The Task Force is now calling for the issue of industry secrecy to be rectified, arguing that “local communities have a right to know what chemicals will be used in industrial activity near to where they live and be reassured that they are being used in safe quantities.”

Whilst the first half of this sentence makes sense, the second half is, I am afraid, fundamentally flawed. If a chemical is carcinogenic – as many fracking chemicals are – then there are no safe limits. There is no “threshold” below which something is safe.

The Task Force also called for baseline and independent monitoring of fracking wells, rather than monitoring by the industry, something that was recommended by the British Royal Society and Royal Academy of Engineering in 2012, and which the government has failed to act on.
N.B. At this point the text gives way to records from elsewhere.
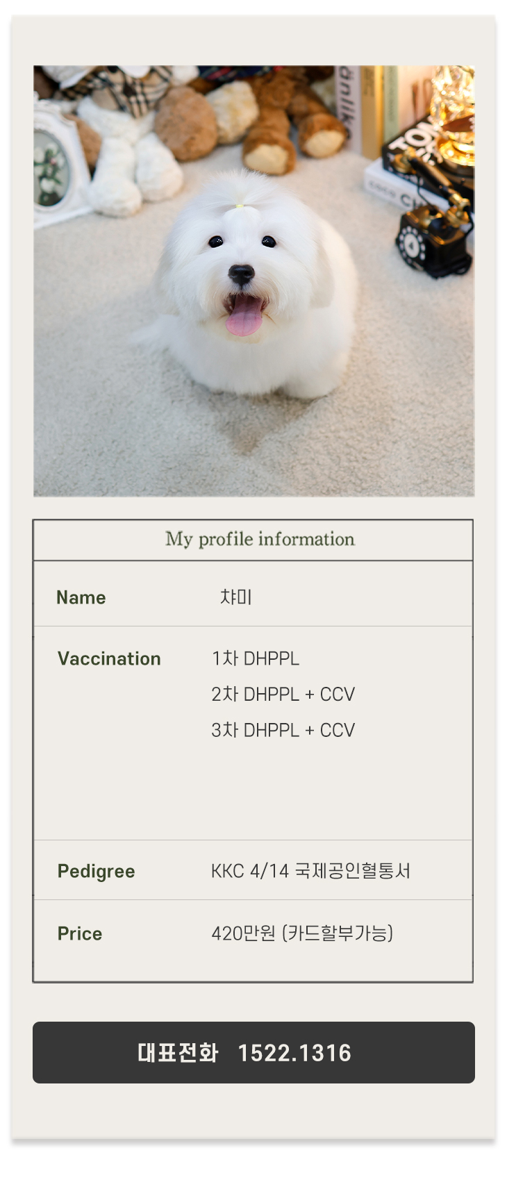 일부 타업체의 말로만 하는 건강검진이 아닌 자견, 자묘 필수 검진항목 (기본검진, 파보, 코로나, 홍역, 범백, 접종 등)을 완료 후 완벽한 컨디션이 확인 된 아가들만 분양하고 있습니다.
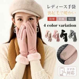 手袋 レディース 秋冬 おしゃれ かわいい 暖かい スマホ タブレット 手ぶくろ 防寒 防風 保温 裏起毛 寒さ対策 黒 ファー ボア
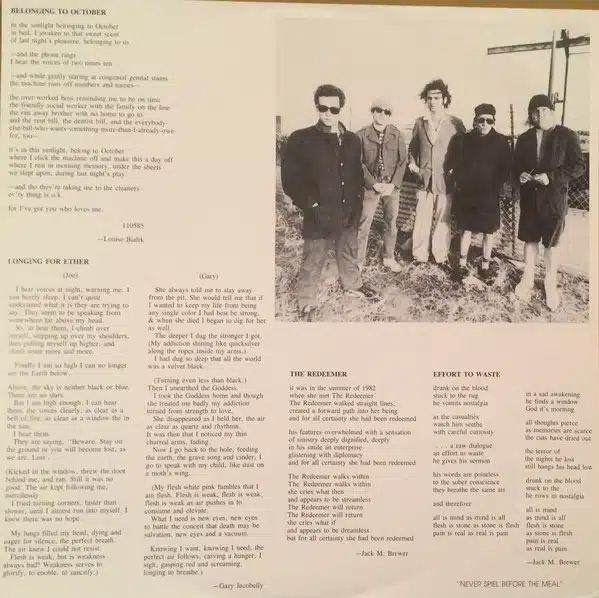 Some copies come with a six page promo packet, two glossy promo photos, and two catalogues titled “Guns Or Records? SST Survival Catalogue”.
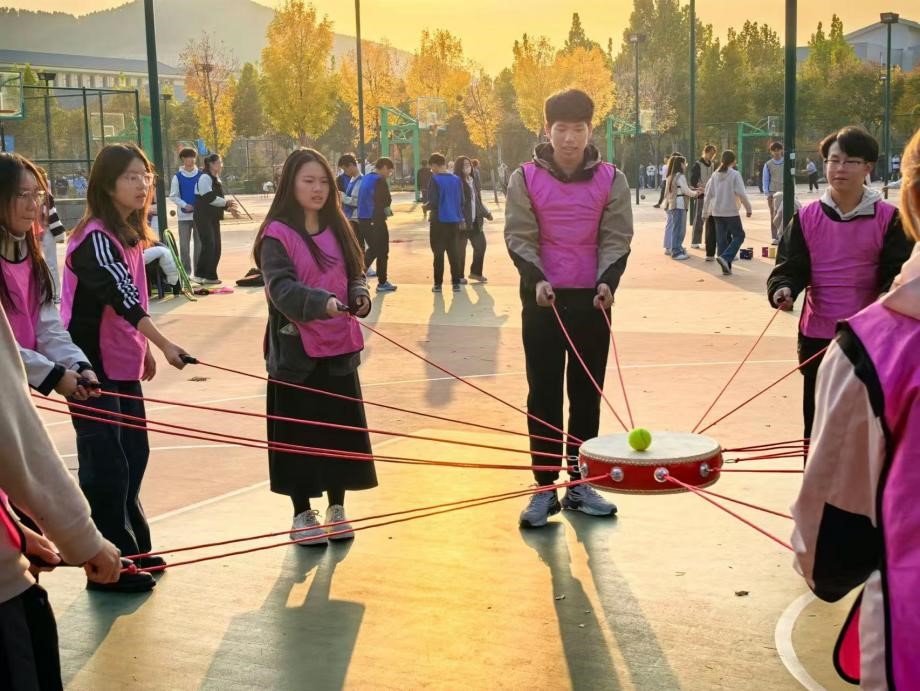 同学们在素质拓展教练的引导下分组,并进行了“合力建塔”“同心击鼓”“不倒森林”“珠行万里”等一系列团队活动比拼。在这些活动中,同学们积极讨论,启动思维,齐声呐喊,团结协作共同寻找最佳解决方案。活动的尾声,同学们积极交流体验,深切地体会到了班级的归属感。
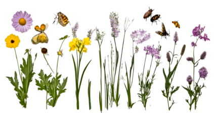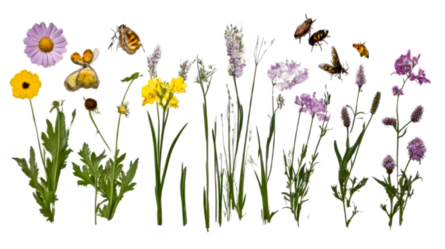 Colorful wildflowers and bees in garden setting during spring
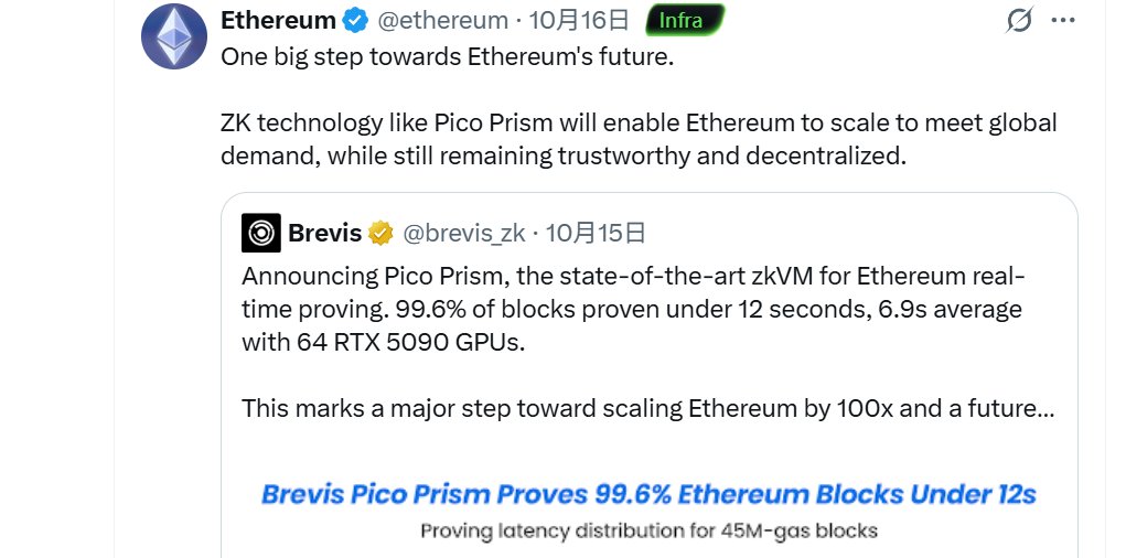 记住这个时间:11 月 3 号起,Brevis 将启动交易赚取积分活动 现在可以做的,就是完成社交任务累计积分(提前埋伏):https://t.co/h7kE7LyqtI 在过去 5 个月时间里,Brevis 通过其 hook 机制为 PancakeSwap 带来了前所未有的“会员制”体验。 传统 DEX 就像是没有会员制的超市——不管你是新客户还是老 VIP,都按统一价格结账。但 Brevis hook 彻底改变了这一切。 它为 PancakeSwap 带来了两套革命性的折扣机制: 代币持有者折扣 hook: 根据 $CAKE 平均余额自动计算费用折扣 最高 45% 的交易费用减免 无需质押,无需申请,系统自动识别 交易量折扣 hook: 基于历史交易量的分级折扣体系 覆盖多种主流交易对 交易越多,费用越低 Brevis 在链下进行复杂的数据分析和资格计算,生成零知识证明,然后在链上验证。5 个月时间里,累计生成了 17277767 个证明。 下一步是什么? Brevis 将和 PancakeSwap 更深度合作。 11 月 3 日后,用户在交易指定 PancakeSwap 池时(这些池子使用了 Brevis hook)将自动赚取积分。活动细节还未公布。 这个积分,大概率会成为未来的空投凭证。 所以,@brevis_zk 是目前少有的同时具备币安血脉和以太坊正统性的项目: ▌YZi Labs 领投 ▌V 神+以太坊官方钦点 ▌Pancake 深度合作 few
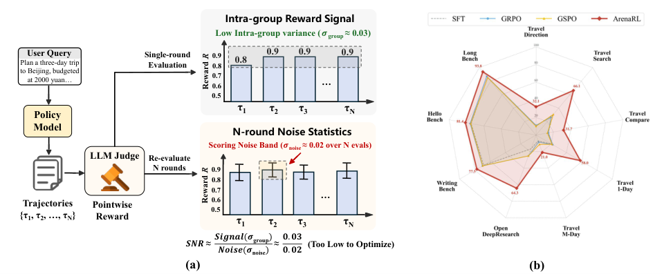 图解:左侧展示点式评分出现"评分集中 + 噪声不低"的现象,信噪比极差;右侧对比显示 ArenaRL 在多个开放式任务上显著优于 SFT/GRPO/GSPO。
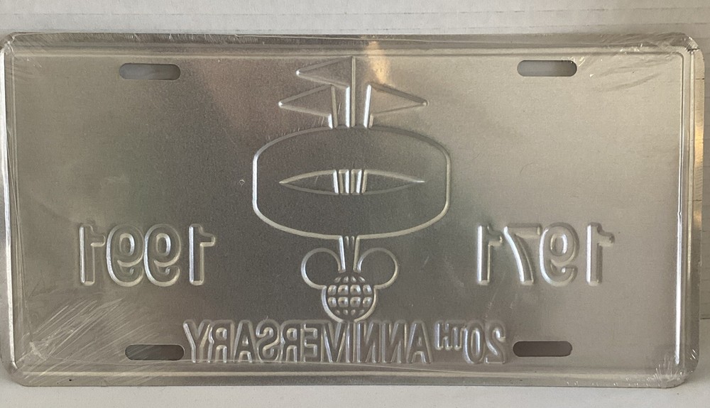 The product is a vintage 1971-1991 Walt Disney World 20th Anniversary license plate that is still sealed. It features branding from Disney and celebrates the milestone anniversary of the theme park. The license plate likely incorporates elements from popular Disney franchises such as Cars, given its connection to the Disney brand. This collectible item would be a nostalgic and unique piece for any Disney enthusiast or collector. There is a scratch on the front white, plastic has small whole, pictured.
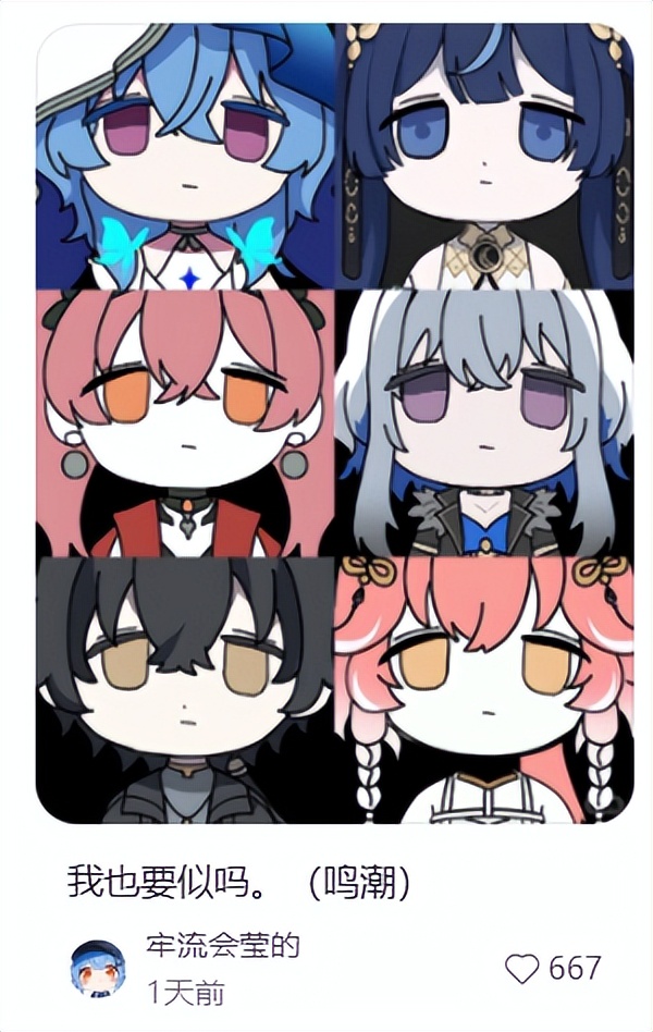 现在你打开手机搜一下关键词,就能看到不少二次元人物幽幽地睁着大眼睛,面无表情地盯着你,确实是有点子诡异了。

Lord Smith said: “We believe it should be independently monitored and inspected. The status quo has no requirement of independent monitoring, it is effectively left up to the companies themselves to report. For public confidence, it is important that it is independent.”

The Task Force did though argue that, it believed that the risk level associated with the public health hazards from fracking are “acceptable provided that the well is properly drilled, protected, monitored and regulated”.
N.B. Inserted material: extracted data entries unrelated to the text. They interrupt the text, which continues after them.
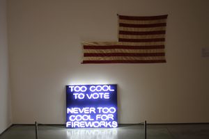 In der Ausstellung „Surrealist Intrusion in the Enchanters‘ Domain“ (Surrealistisches Eindringen in die Domäne der Zauberei) mit Hasengitter, drei weißen lebendigen Hühnern, 77 One- Cent Münzen und grünem Licht (1960/61, D’Arcy Galeries, NEw York)
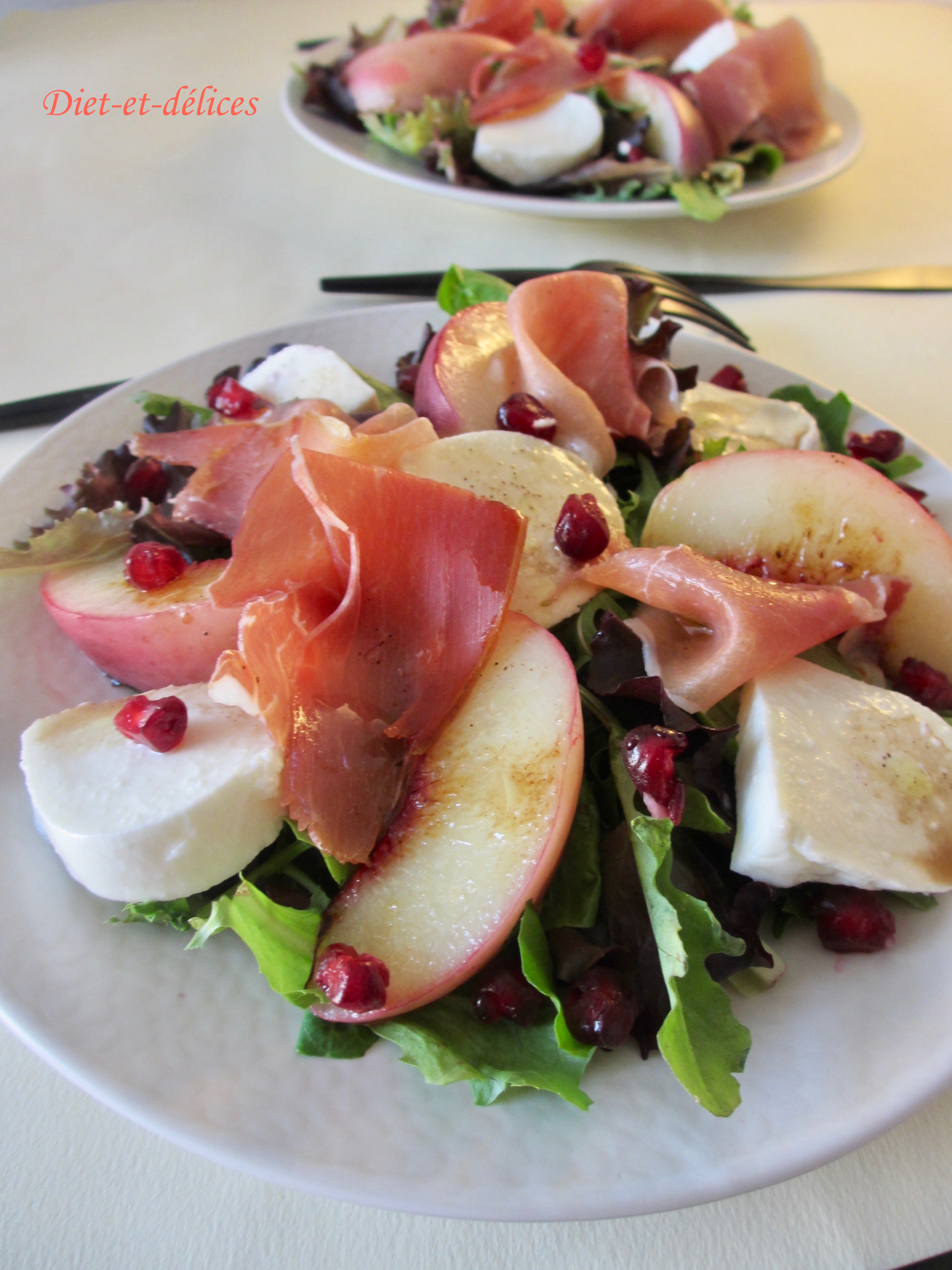 salade, salade composée, pêche, jambon, mozzarella, grenade, plat complet
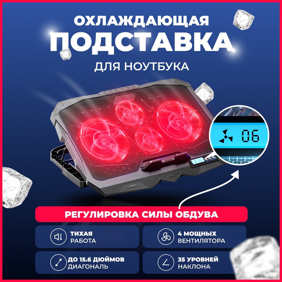 Подставки для ноутбуков Охлаждающая подставка для ноутбука, 4 вентилятора, 2 USB, RGB, регулировка наклона и оборотов
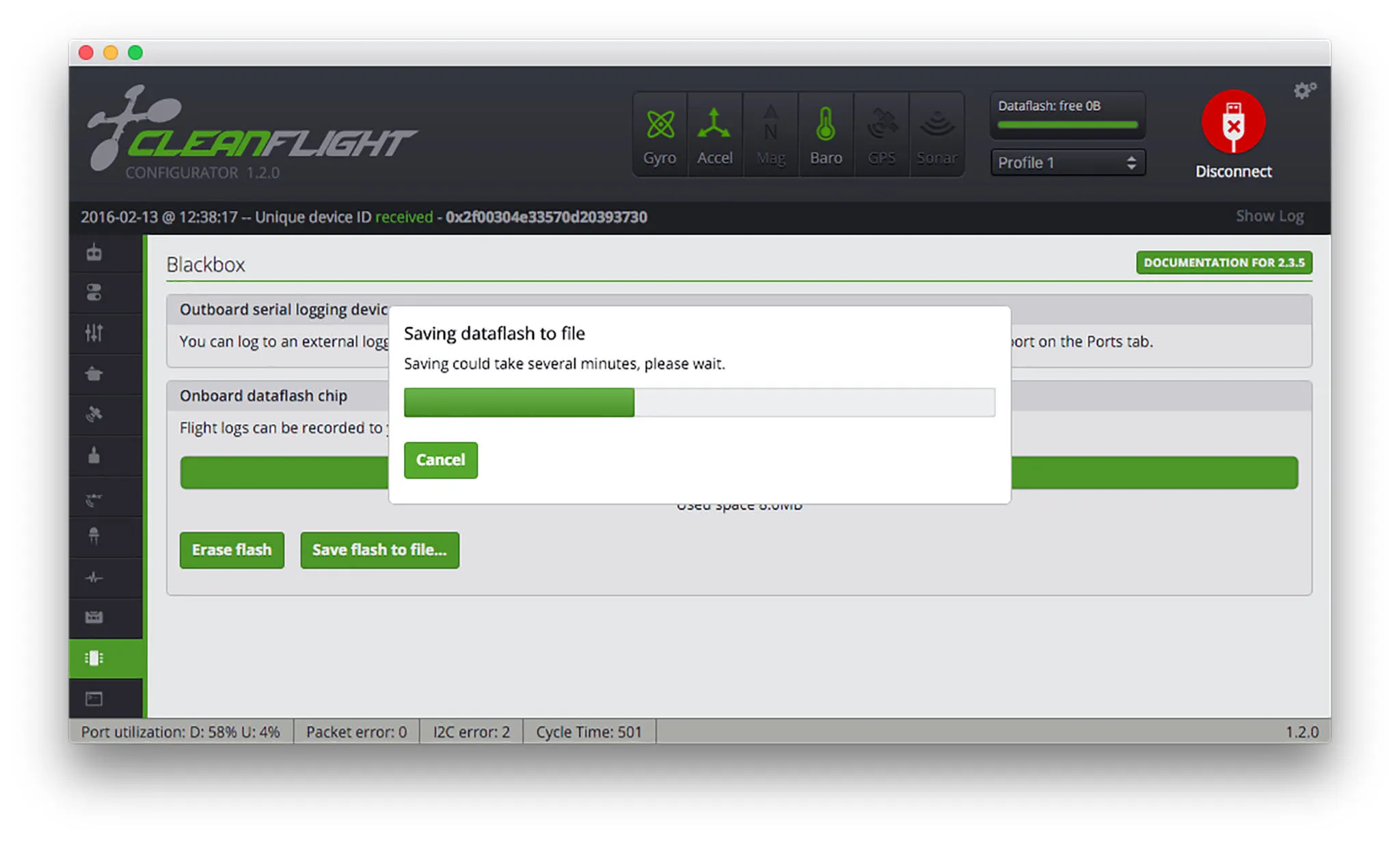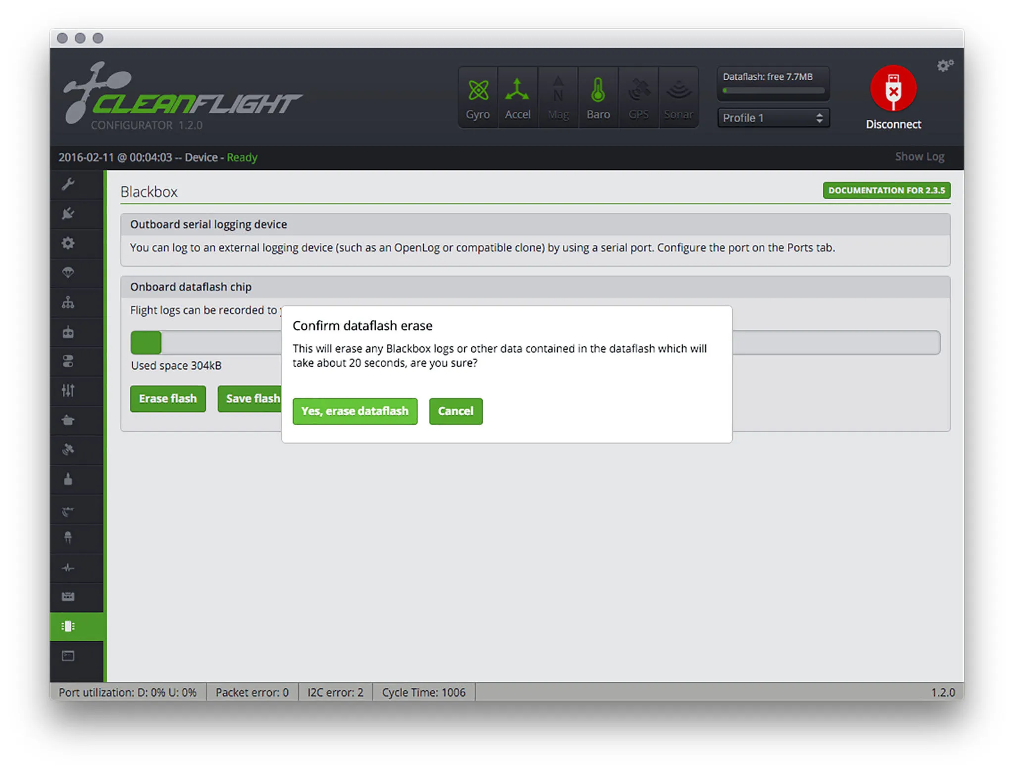 Check the blackbox tab. This is where you’ll go to download blackbox logs. If you have any data in use on the chip, you can go ahead and erase it now.

This boils down to the heart of the argument about fracking. On the one hand if there is no leakage either via the well itself or from the layer of rock where the chemicals are poured, then you could argue that this sentence makes sense. But it is easily picked apart.

The Task Force shows a frightening level of ignorance in making such as suggestion. It is right to point out that one of the main areas of the risk of pollution is if the well integrity fails. But that cannot be guaranteed forever, and it could constitute a pollution pathway for hundreds of years or more.

There is also increasing evidence that fracking fluids could, in theory, move great distances underground through fissures and cracks in the geology, moving from fracking strata to drinking water aquifers. It forgets to mention that if pollution does occur underground, there is no way to clean it up. It is permanent and irreversible.

It does nothing to address the fact that you would have to have de facto industrialisation of the British countryside, with the drilling of thousands of fracking well.

And although the Task Force’s next report due out in September addresses climate change, fracking continues our dependence on fossil fuels, just at a time when we need to be disinvesting.

So arguing that fracking is fine as long as it is well regulated, is like saying that the Titantic is safe as long as the deck-chairs are all in nice regulated rows.

No wonder the industry was pleased with the report. Ken Cronin, chief executive of UK Onshore Oil and Gas, which represents the fracking industry, said “I was particularly pleased to note that the Task Force is satisfied that the risk levels associated with public health hazards are acceptable provided that the well is properly drilled, protected, monitored and regulated.”

But the report has been criticised by anti-fracking campaigners. A spokesman from the Frack Free Ryedale campaign group said: “the Task Force on Shale Gas is entirely funded by shale gas companies such as Cuadrilla, Centrica and Total, so all claims of independence should be taken in that context.”